Few keys points to be noted:
- Do your research before buying. Read reviews about company and products. There are several forums to check for company related complaints.
- Policy with no sub-limit for the basic hospitalization cover is considered better than a policy with too many frill. Because, such additional benefits are rarely used.
- Read the terms before buying. Not every expense is payable by insurers. Look for sub-limit, disease wise limits, exclusions, disease wise waiting periods, pre-existing disease waiting period among others. You may utilize service of various web aggregators (i.e., websites comparing policies) for this purpose. Terms are generally available on the company’s website.
- Premium rate shall not be the only distinguishing feature between policies. Do check whether you are comparing apples with apples or oranges! Read between the linesfor the covers you desire.
- Opt for Floater Cover(i.e., one sum insured covers entire family), as they are comparatively cheaper than individual cover (i.e., individual sum insured for each member) for the same total sum insured. But in case of a major claim from one member, the sum insured stand a chance of exhaustion. Products with reinstatement facility can help in such conditions.

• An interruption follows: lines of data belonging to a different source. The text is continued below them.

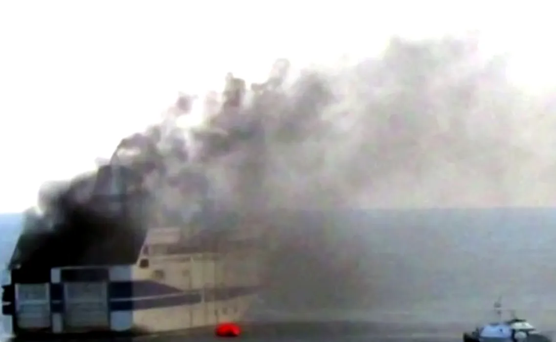 Feribot în flăcări, naufragiat în largul Greciei. Românca aflată la bord a fost salvată. UPDATE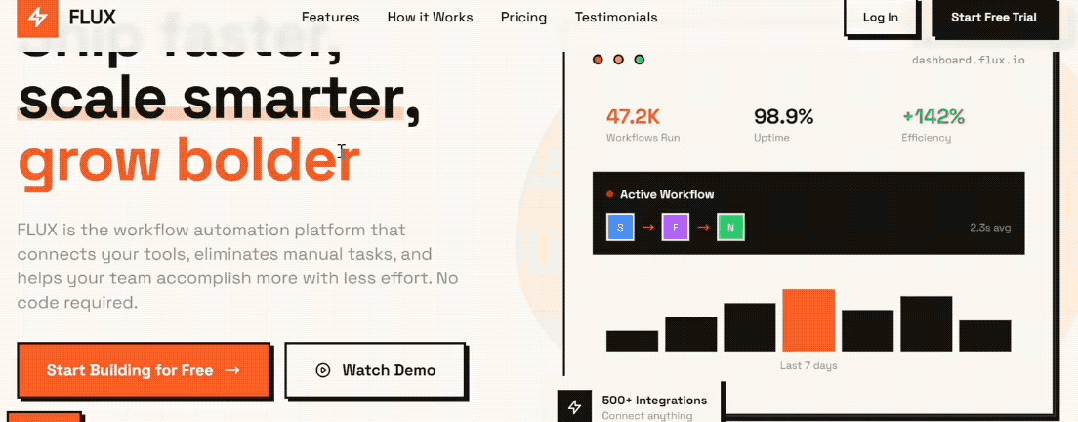 还有一个 workflow 生成平台的前端展示页,从头图简介、收费计划再到专家推荐语,每个版块的设计和配色都很赏心悦目,鼠标悬停等交互也很丝滑。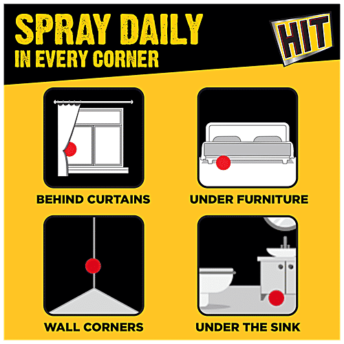 HIT Anti-Mosquito Spray kills dangerous mosquitoes that spread diseases like Dengue, Chikungunya, and Malaria, hidden in the corners of your home. To keep you and your family protected, spray HIT regularly in all corners, such as under the bed, under the sofa, behind the curtains, and cupboards, etc.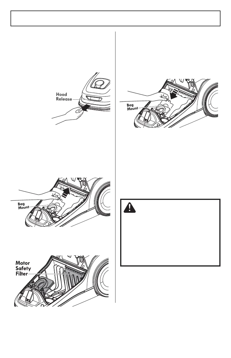 removing bag. This will prevent the hood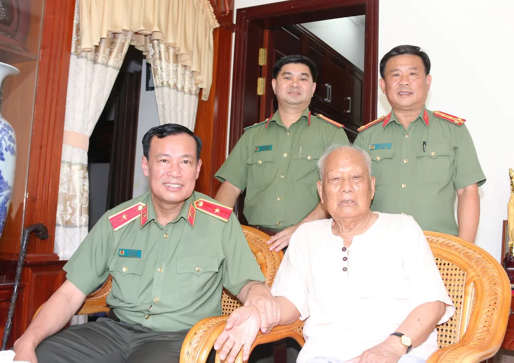 Thứ trưởng Bộ Công an Lê Tấn Tới (ngồi bên trái) đến thăm Nguyên Trưởng Ban Tổ chức Trung ương Lê Phước Thọ. Ảnh: HD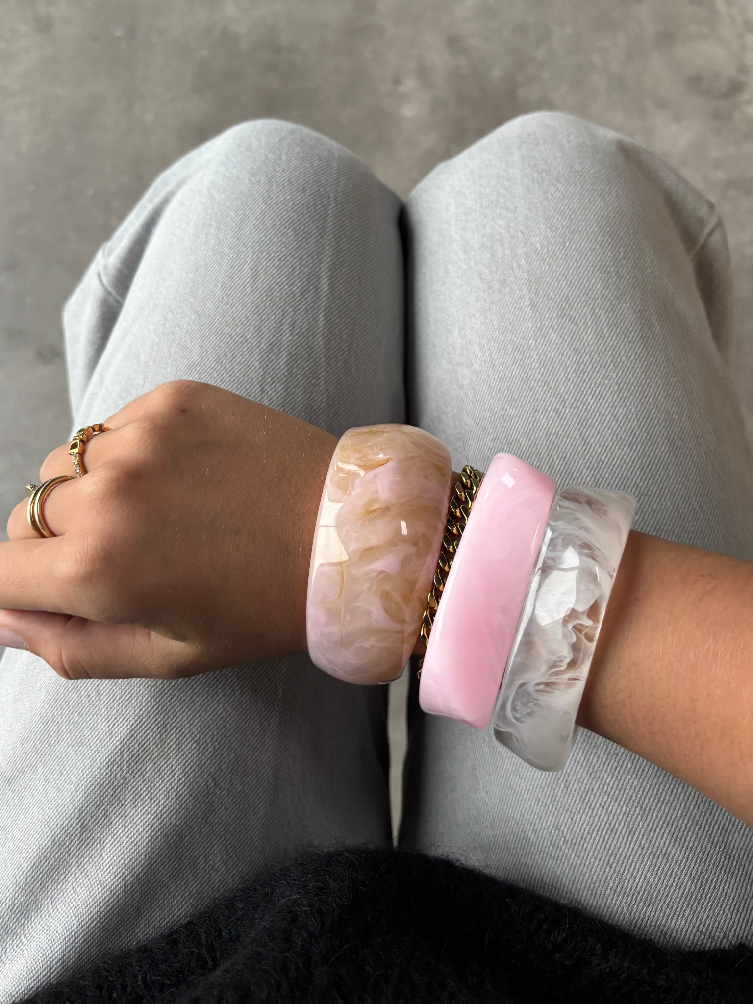 Smukt & trendy armbånd i chunky form. Hvert eneste armbånd er unik og har sine helt egne farve-nuancer. Brug dem til bare arme - eller over din yndlingsskjorte eller strik!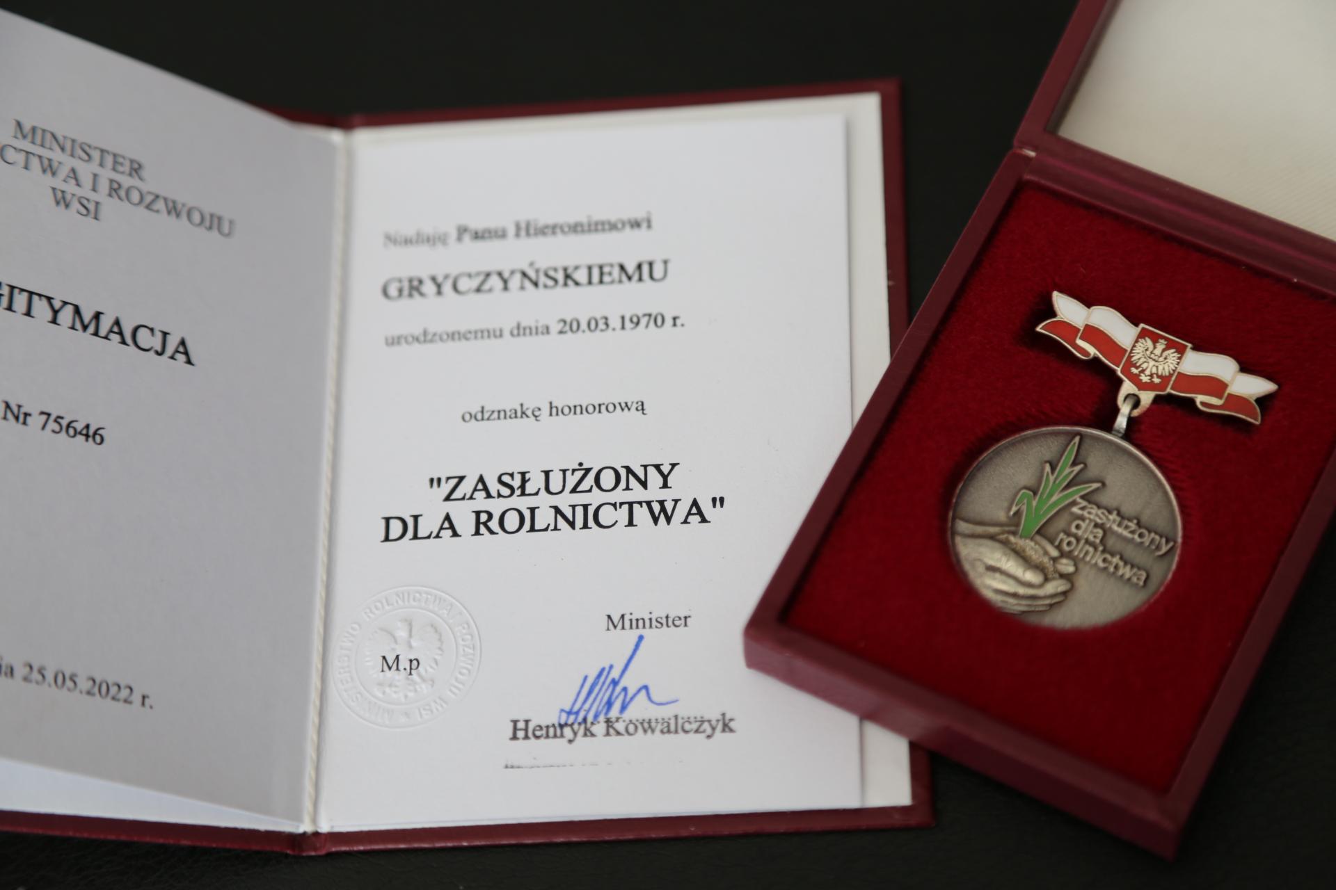 Na co zwracano uwagę? Z pewnością na rozwój gospodarstwa, działania proekologiczne, innowacyjność. Gospodarstwo w Latalicach ma nie tylko własną studnię, ale również stację uzdatniania wody. Na terenie gospodarstwa zamontowano fotowoltaikę, która zasila m.in. lamy doświetlające rozsady. Nie bez znaczenia było też piękne obejście gospodarstwa. – Ogród to już zasługa żony – chwali pan Hieronim. Nagroda za najpiękniejszą posesję przypadła pani Grażynie dwukrotnie – w roku 2012 i 2021. A w sierpniu br. Hieronim Gryczyński odebrał z rąk ministra rolnictwa honorową odznakę "Zasłużony dla rolnictwa".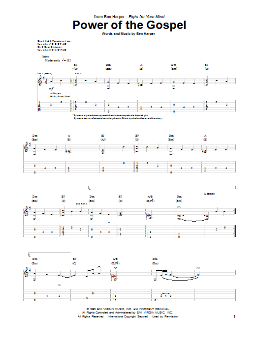 Download or print Ben Harper Power Of The Gospel sheet music, chords and digital score arranged for Guitar Tab. This Pop score includes 6 page(s).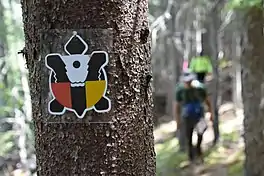 ![]() The distinctive turtle markers of the Sentier Nepisiguit Mi'gmaq Trail. | |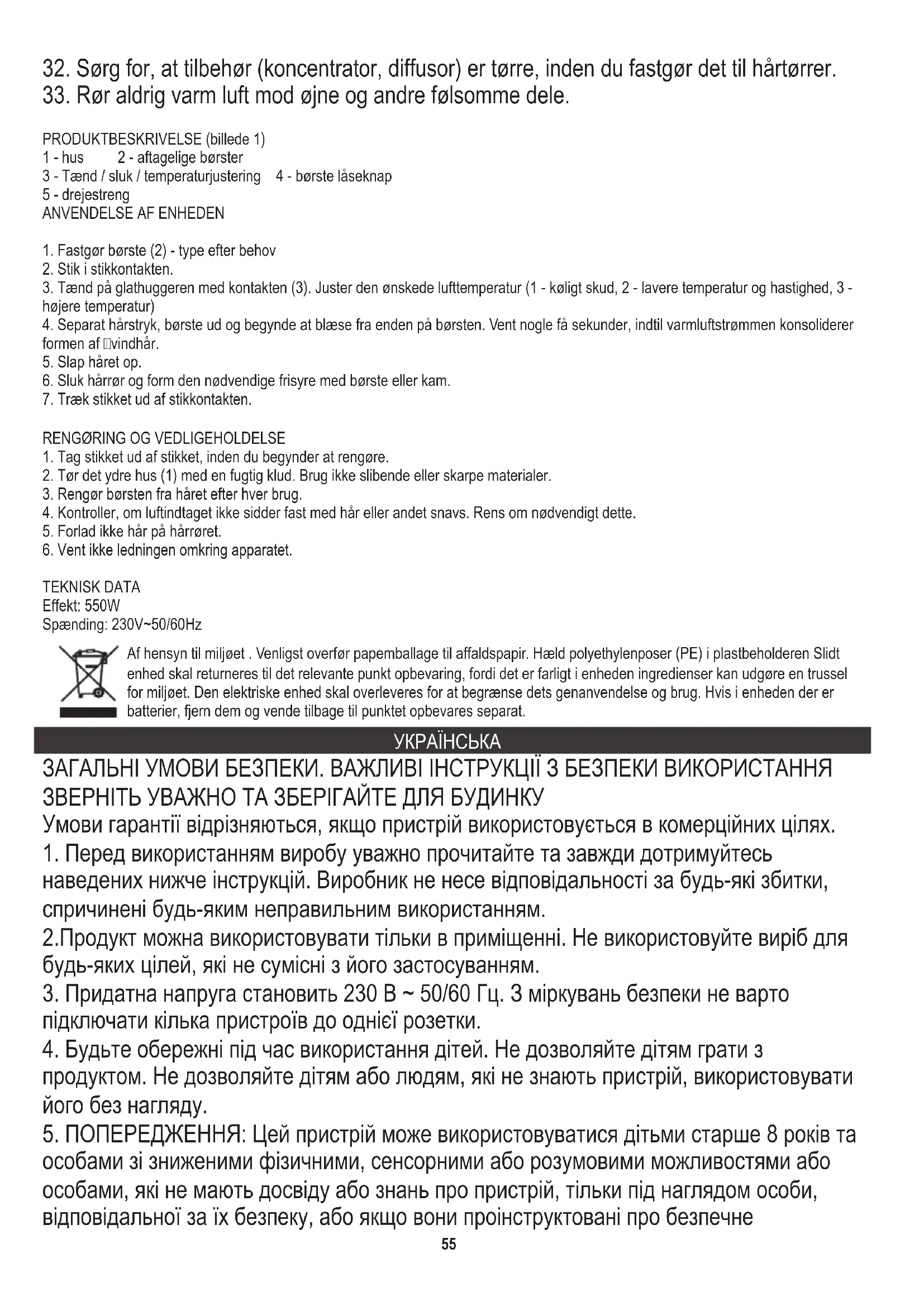 ТЕХНІЧНІ ДАНІ Потужність: 550Вт Напруга: 230B ~50/60Hz У інтересах навколишнього середовища. Будь ласка, віддайте картонну упаковку в місце збору мукулатури. Політиленові мішки (PE) викинути в смітник для пластику. Відпрацьований пристрій повинен бути відправлений у відповідну точку зберігання, тому що в пристрої є небезпечні інгредієнти, які можуть становити загрозу навколишньому середовищу. Електричний пристрій потрібно повернути так, щоб обмежити його повторне використання. Якщо у пристрої є батерейки, то потрібно їх витягнути і віддати до відповідного пунтку. 57فﻠﺗﺧﺗ طورﺷ نﺎﻣﺿﻟا اذإ مﺗ مادﺧﺗﺳا زﺎﮭﺟﻟا ضارﻏﻷ ﺔﯾرﺎﺟﺗ.

- If any member has any chronic illness, take a separate policy for him/ her. Claims from the person may exhaust the floater sum insured.
- Cover parents under separate policy with individual sum insured, for the same reason stated above.
- In my opinion till 35 years old age of the eldest member family cover for 10 lacs shall be sufficient, provided the past family claims history is clear. The tradeoff shall be between affordability and necessity.
- If in any year the sum insured gets exhausted, enhance the same by at least 20% on renewal.
- Take Super Top Up policy(i.e., policy pays when the cumulative expenses of all hospitalisations in year curses a pre-determined amount)to cover the expenses on such years when the cumulative medical expenses crosses the sum insured of the base policy. Super Top Ups are cheaper than traditional indemnity policies. I shall discuss about them in a later post.
- Take a Critical Illness policycovering as many major illnesses as possible.I shall discuss about them in a later post.
- Increasing sum insured to exorbitant amount may not be required, as average health claim size in India is around 50,000 (as of 17-18). This depends on city of treatment (i.e., claim cost in Mumbai is more than Kolkata), treatment taken (i.e., cancer treatment is costlier than ulcer treatment)and can go up to several lacs. Family cover for 20-25 lac shall suffice for most cases, unless you wish to spend your hospital stay in luxury or go abroad for planned treatment.
This is just a guide. The idea is to start early to pay less. There are several product options available from over 30 general insurers in market. Life insurers can no longer offer indemnity hospitalization product, but only critical illness products.
Remember that, under Section 80D of the Income-tax Act the insured person who takes out the policy can claim for tax deductions up to ₹25,000 for self, spouse and dependent children and up to ₹30,000/- for parents.